Takiej podwyżki rent i emerytur seniorzy nie widzieli od lat. Szykuje się rekordowa waloryzacja
Przyszłoroczna waloryzacja ren i emerytur ma być rekordowa. Głównie dlatego, że ceny towarów i usług też rosną w zastraszającym tempie.

Waloryzacja rent i emerytur bierze pod uwagę inflację i wzrost wynagrodzeń w roku poprzedzającym podwyżkę. Dane ogłasza w lutym prezes GUS i wtedy rząd wie dokładnie, o ile podniesie renty i emerytury. Bo właśnie dynamika cen, a także realny wzrost płac w głównej mierze decydują o poziomie waloryzacji. W przyjętym pod koniec sierpnia projekcie budżetu kraju na przyszły rok wpisano, że te świadczenia wzrosną o 4,89 proc. W środę Marlena Maląg, minister rodziny i polityki społecznej w radiowych „Sygnałach Dnia” zasugerowała, że waloryzacja może być jeszcze wyższa.
Inflacja dopingowana przez koniec pandemii
To, że rząd do liczenie budżetu będzie musiał usiąść jeszcze raz było już pewne, jak GUS podał dane o inflacji za sierpień. Ekonomiści spodziewali się wskaźnika na poziomie 5,1-5,2 proc., a okazało się, że w ostatnim miesiącu wakacji letnich wzrost cen towarów i usług był na poziomie 5,5 proc. - najwyższym od 20 lat. Minister finansów Tadeusz Kościński uważa, że inflacja jest tak rekordowa przede wszystkim przez ożywienie gospodarcze po pandemii.

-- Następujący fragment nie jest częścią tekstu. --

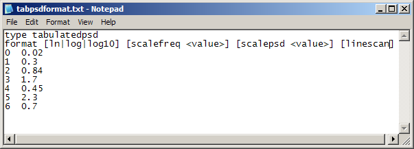 The file format for Tabulated PSD data is shown below. There is a two line header followed by data in two columns (freq PSD). Entries in [] are optional.
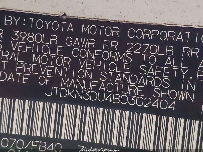 • JTDKN3DU4B0302404
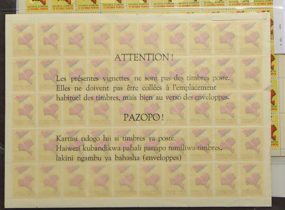 3138 nh imageKatanga Atawina, 2 sheets Cinderella, one perforated and one "percée en ligne" + photo of Moïse Tshombe, vf/f(Image 1) (Image 2) (Image 3)
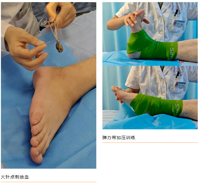 患者就诊后,首先进行全面的医学评估,结合体格与影像学检查,明确损伤部位与程度。在遵循急性损伤的“POLICE”原则下,采用中医特色的火针点刺放血疗法,以快速祛瘀消肿。同时,指导患者在无痛范围内做踝泵训练及弹力带加压训练,加速踝关节的康复进程。
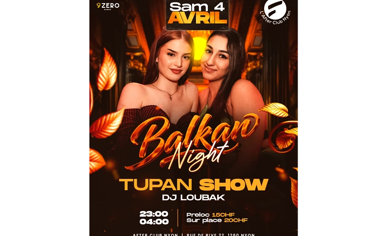 C'est du sérieux!! C'est confirmé!! La première soirée des Balkans sur la région de la Côte (Nyon), l'ambiance sera au plus HAUT niveau. Vous aurez le droit à un SHOW EXCEPTIONNEL de TUPAN et de songs phares des Balkans mixés par le Dj montant LOUBAK et Dj Lil M et son équipe au sein de l'After Club, un acceuillant et chaleureux. Les Balkans, une époque qu'on ne peut pas oublier.
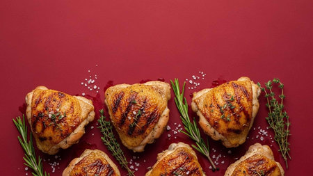 Chicken thighs fried with salt, spices and herbs on a dark concrete background
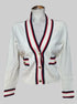 L Ted Baker white button up cardigan with red and blue details and gold color buttons
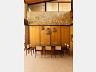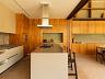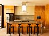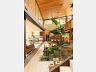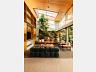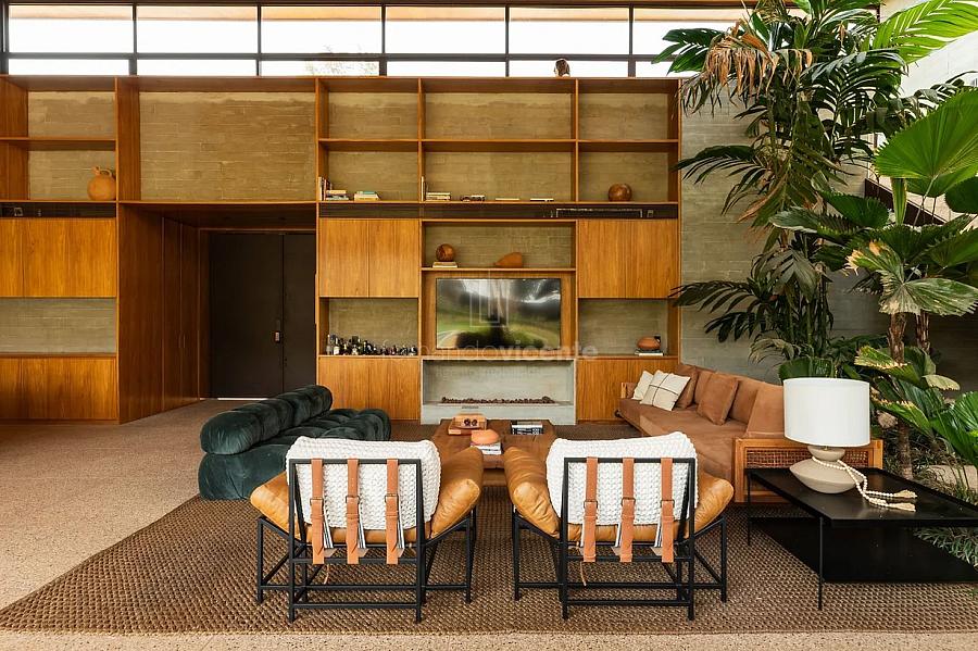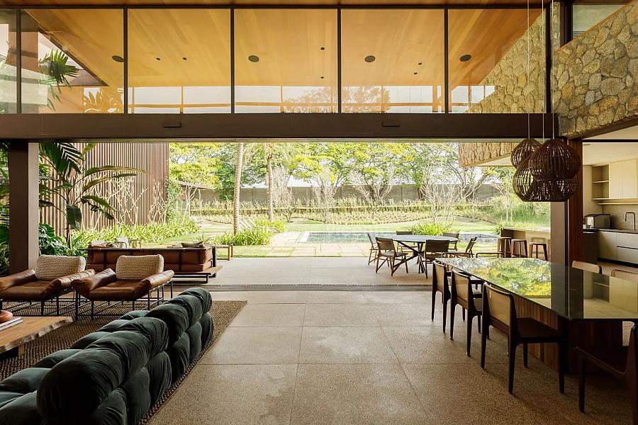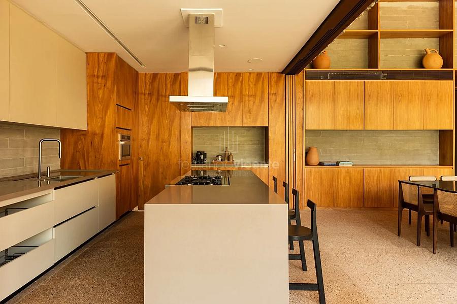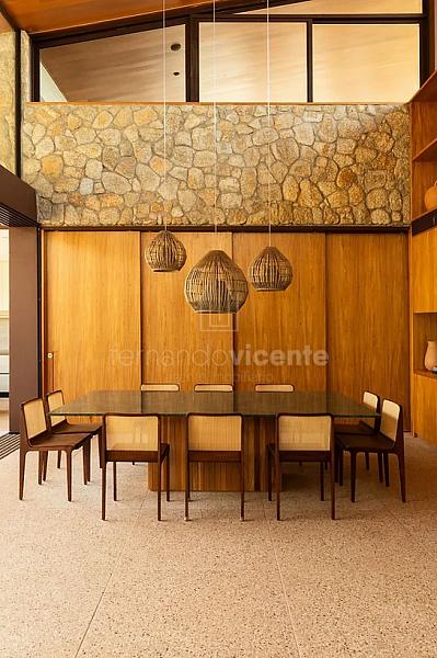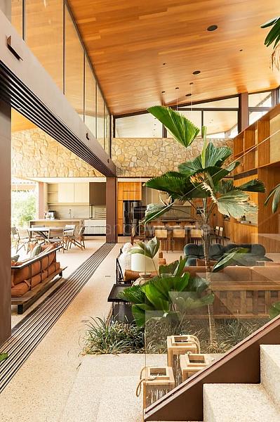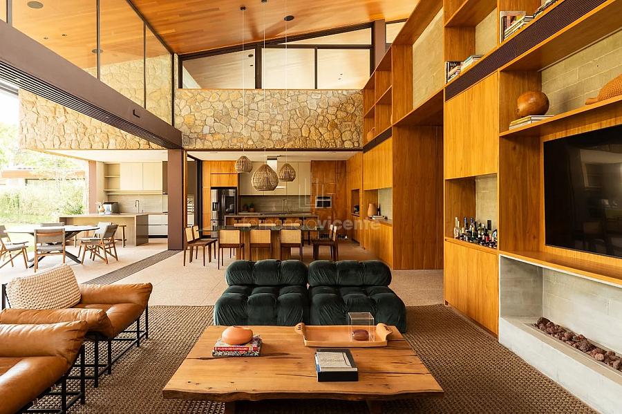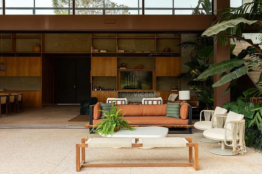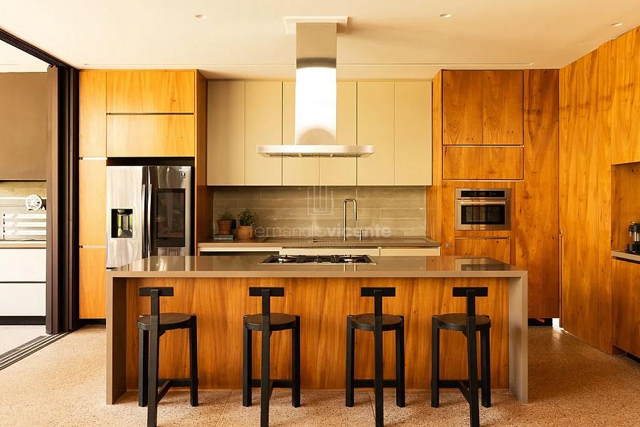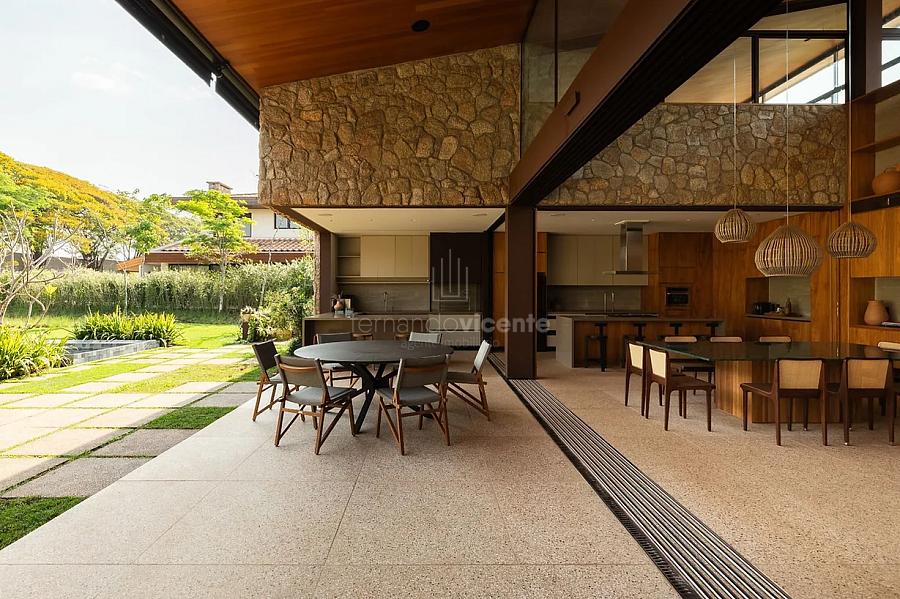 O living amplo integra sala de jantar e home theater no mezanino, com grandes aberturas que conectam os espaços internos ao verde ao redor. A cozinha é funcional e generosa, ideal para receber com praticidade. Conta ainda com lavabo e dependência para funcionários.

Do tego dochodzą jeszcze ciągle pokiereszowane łańcuchy dostaw oraz kryzys energetyczny, którego podstawowym efektem jest bardzo dynamiczna zwyżka cen surowców: węgla, gazu ziemnego i ropy.
Waloryzacja: takich zwyżek nie było od lat
Waloryzacja na poziomie ok. 5 proc. (lub więcej, o ile ceny jeszcze bardziej pognają do przodu) będzie zdecydowanie najwyższą podwyżką rent i emerytur od lat. Ostatni raz więcej niż 5 proc. waloryzacja miała miejsce w 2009 r. (6,1 proc.). Ale w kolejnych latach już tak dobrze nie było. Jeszcze w 2016 r. było to raptem 0,24 proc., a w 2017 r. - 0,44 proc.
Do tego wszystkiego rząd planuje też w przyszłym roku kolejny raz podnieść - w ramach Polskiego Ładu - kwotę wolną od podatku do 30 tys. zł. Tym samym pobierający świadczenia w wysokości do 2500 zł nie płaciliby żadnej daniny.